High-Performance Voltammetric Aptasensing Platform for Ultrasensitive Detection of Bisphenol A as an Environmental Pollutant

Abstract

Bisphenol A (BPA) as a pervasive endocrine-disrupting compound (EDC) has been shown to cause multiple detrimental effects including cardiovascular disorders, pregnancy complications, obesity, glucose metabolism disorders, and reproductive toxicity even at a concentration as low as tolerable daily intake (TDI) (4 μg/kg/day). In the present study, a novel ultra-sensitive, electrochemical aptasensor was designed using a screen-printed carbon electrode (SPCE) modified by gold nanoparticles (Au NPs) conjugated to thiolated aptamers for accurate determination of BPA in biological, industrial and environmental samples. To characterize the electrochemical properties of the aptasensor, cyclic voltammetry (CV) and electrochemical impedance spectroscopy (EIS) were implemented. Detection of BPA was also performed through differential pulse voltammetry (DPV) in [Fe(CN)₆]^3-/4- electrolyte solution. Under optimum condition, the present electrochemical aptasensor demonstrated an outstanding linear response in the concentration range of 1 pM to 10 nM with a remarkably low limit of detection of 0.113 pM. Due to the superb affinity between anti-BPA aptamers and BPA molecules, the designed aptasensor did not show any significant interaction with other analytes in real samples. Also, fabricated biosensor remained perfectly stable in long-term storage. The analytical results of the fabricated aptasensor are well compatible with those obtained by the ELISA method, indicating the trustworthiness and reasonable accuracy of the application of aptasensor in real samples. Overall, the proposed aptasensor would be a credible and economical method of precise, reproducible, and highly selective detection of minimum levels of BPA in food containers and clinical samples. This would be a promising strategy to enhance the safety of food products and reduce the risk of BPA daily exposure.

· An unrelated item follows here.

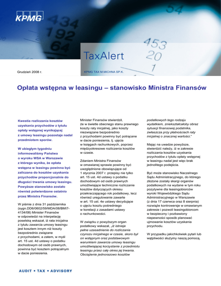 Grudzień 2008 r. KPMG TAX M.MICHNA SP.K. Opłata wstępna w leasingu – stanowisko Ministra Finansów Kwestia rozliczania kosztów uzyskania przychodów z tytułu opłaty wstępnej wynikającej z umowy leasingu pozostaje nadal przedmiotem sporów. W ubiegłym tygodniu informowaliśmy Państwa o wyroku WSA w Warszawie z którego wynika, że opłata wstępna w leasingu powinna być zaliczana do kosztów uzyskania przychodów proporcjonalnie do długości trwania umowy leasingu. Powyższe stanowisko zostało również potwierdzone ostatnio przez Ministra Finansów. W piśmie z dnia 31 października (sygn.DD6/0602/59/MDA/08/BMI74134/08) Minister Finansów w odpowiedzi na interpelację poselską wskazał, iż rata inicjalna z tytułu zawarcia umowy leasingu jest kosztem innym niż koszty bezpośrednio związane z przychodami, a zatem, w myśl art. 15 ust. 4d ustawy o podatku dochodowym od osób prawnych, powinna być kosztem potrącalnym w dacie poniesienia. Minister Finansów stwierdził, że w świetle obecnego stanu prawnego koszty raty inicjalnej, jako koszty niezwiązane bezpośrednio z przychodami powinny być potrącane w dacie poniesienia, tj. ujęcia w księgach rachunkowych, poprzez międzyokresowe rozliczenia kosztów w czasie. Zdaniem Ministra Finansów w omawianej sprawie powinny być uwzględnione obowiązujące od 1 stycznia 2007 r. przepisy nie tylko art. 15 ust. 4d ustawy o podatku dochodowym od osób prawnych umożliwiające techniczne rozliczanie kosztów dotyczących okresu przekraczającego rok podatkowy, lecz również uregulowanie zawarte w art. 15 ust. 4e ustawy decydujące o ujęciu kosztu pośredniego w korelacji z zasadami ustawy o rachunkowości. W związku z powyższym organ podatkowy wskazał, „iż istnieje pełne uzasadnienie do rozliczania czynszu inicjalnego w czasie, skoro był on wstępnym oraz podstawowym warunkiem zawarcia umowy leasingu umożliwiającej korzystanie z przedmiotu leasingu przez cały okres jej trwania. Obciążenie jednorazowo kosztów podatkowych tego rodzaju wydatkiem, zniekształcałoby obraz sytuacji finansowej podatnika, zwłaszcza przy płatnościach raty inicjalnej o znacznej wartości.” Mając na uwadze powyższe, stwierdzić należy, iż w zakresie rozliczania kosztów uzyskania przychodów z tytułu opłaty wstępnej w leasingu nadal jest więc brak jednolitego podejścia. Być może stanowisko Naczelnego Sądu Administracyjnego, do którego złożone zostały skargi organów podatkowych na wydane w tym roku pozytywne dla leasingobiorców wyroki Wojewódzkiego Sądu Administracyjnego w Warszawie (z dnia 17 czerwca oraz 8 sierpnia) rozwiąże kontrowersje w omawianym zakresie i pozwoli leasingobiorcom w bezpieczny i pozbawiony niepewności sposób planować ujmowanie kosztów uzyskania przychodu. W przypadku jakichkolwiek pytań lub wątpliwości służymy naszą pomocą. 2 kpmg.pl Kontakt Biura KPMG Grzegorz Jaszczuk Partner Tel.: + 48 (22) 528 11 83 Faks: + 48 (22) 528 11 59 [email protected] Biuro w Warszawie Biuro we Wrocławiu ul. Chłodna 51 00-867 Warszawa Tel.: +48 (22) 528 11 65-71 Faks: +48 (22) 528 11 59 [email protected] ul. Bema 2 50-265 Wrocław Tel.: +48 (71) 370 49 00 Faks: +48 (71) 370 49 01 [email protected] Biuro w Krakowie Biuro w Gdańsku al. Armii Krajowej 18 30-150 Kraków Tel.: +48 (12) 424 94 00 Faks: +48 (12) 424 94 01 [email protected] ul. Piwna 28-31 80-831 Gdańsk Tel.: +48 (58) 321 96 00 Faks: +48 (58) 321 96 01 [email protected] Biuro w Poznaniu Biuro w Katowicach ul. Roosevelta 18 60-829 Poznań Tel.: +48 (61) 845 46 00 Faks: +48 (61) 845 46 01 [email protected] ul. Powstańców 43 40-024 Katowice Tel.: +48 (32) 200 65 05 Faks: +48 (32) 200 65 10 [email protected] Joanna Krzemińska Senior Manager Tel.:+ 48 (22) 528 10 02 Faks: + 48 (22) 528 11 59 [email protected] Informacje zawarte w niniejszej publikacji mają charakter ogólny i nie dotyczą sytuacji konkretnej firmy. Ze względu na szybkość zmian zachodzących w polskim prawodawstwie prosimy o upewnienie się w dniu zapoznania się z niniejszą publikacją, czy informacje w niej zawarte są wciąż aktualne. Przed podjęciem konkretnych decyzji proponujemy skonsultowanie ich z naszymi doradcami. Nazwa i logo KPMG są zastrzeżonymi znakami towarowymi KPMG International, podmiotu prawa szwajcarskiego. © 2008 KPMG Tax M.Michna sp.k. jest polską spółką komandytową i członkiem sieci KPMG składającej się z niezależnych spółek członkowskich stowarzyszonych z KPMG International, podmiotem prawa szwajcarskiego. Wszelkie prawa zastrzeżone.

Keywords: bisphenol A; electrochemical aptasensor; endocrine-disrupting compounds; environmental pollutant; toxicology.

SCHEME 1

The schematic representation of the electrochemical aptasensor fabrication procedure for the detection of BPA.

FIGURE 1

FESEM images of unmodified SPCE (A) and modified (AuNPs) SCPE (B) using electrodeposition method (5 mM HAuCl₄ in 0.5 M H₂SO₄; time: 200 s).

FIGURE 2

Cyclic voltammograms of the untreated SPCE (A), AuNPs/SPCE (B), aptamer/AuNPs/SPCE (C), MCH/aptamer/AuNPs/SPCE (D) and BPA (100 pM)/MCH/aptamer/AuNPs/SPCE (E) in 0.1 M PBS (pH 7.5) containing [Fe(CN)₆]^3–/4–/KCl (5 mM/0.1 M) electrolyte solution.

FIGURE 3

Nyquist spectra of EIS data for intact SPCE (A), AuNPs/SPCE (B), aptamer/AuNPs/SPCE (C), MCH/aptamer/AuNPs/SPCE (D) and BPA (100 pM)/MCH/aptamer/AuNPs/SPCE (E) in 0.1 M PBS (pH 7.4) containing [Fe(CN)₆]^3–/4–/KCl (5 mM/0.1 M) electrolyte solution. The Randles equivalent circuit was employed to model the electrochemical impedance data, (R_s: solution resistance; C_dl: double layer capacitance; R_ct: charge transfer resistance, W: Warburg impedance).

FIGURE 4

(A) DPV peaks of the fabricated aptasensor measuring various BPA concentrations [0, 1, 10, 50, 100 pM, 1 and 10 nM] in 0.1 M PBS (pH 7.5) containing [Fe(CN)₆]^3–/4–/KCl (5 mM/0.1 M) electrolyte solution. (B) BPA standard calibration curve in PBS (0.1 M), the error bars represent the standard deviation of three consecutive measurements.

FIGURE 5

Specificity evaluation of the proposed aptasensor for 100 pM BPA by comparing its DPV signals to 1 nM of well-known interfering agents, including 6F-BPA, HBPA, BPB, and estradiol and the mixture. Error bars represent standard deviations of three sets of parallel experiments.

FIGURE 6

The calibration curve of the designed aptasensor after incubation with various spiked concentrations of BPA in plasma samples. The inset depicts the linear relationship between DPV peak current response and BPA concentration. The error bars indicate the standard deviation of triplicate experiments.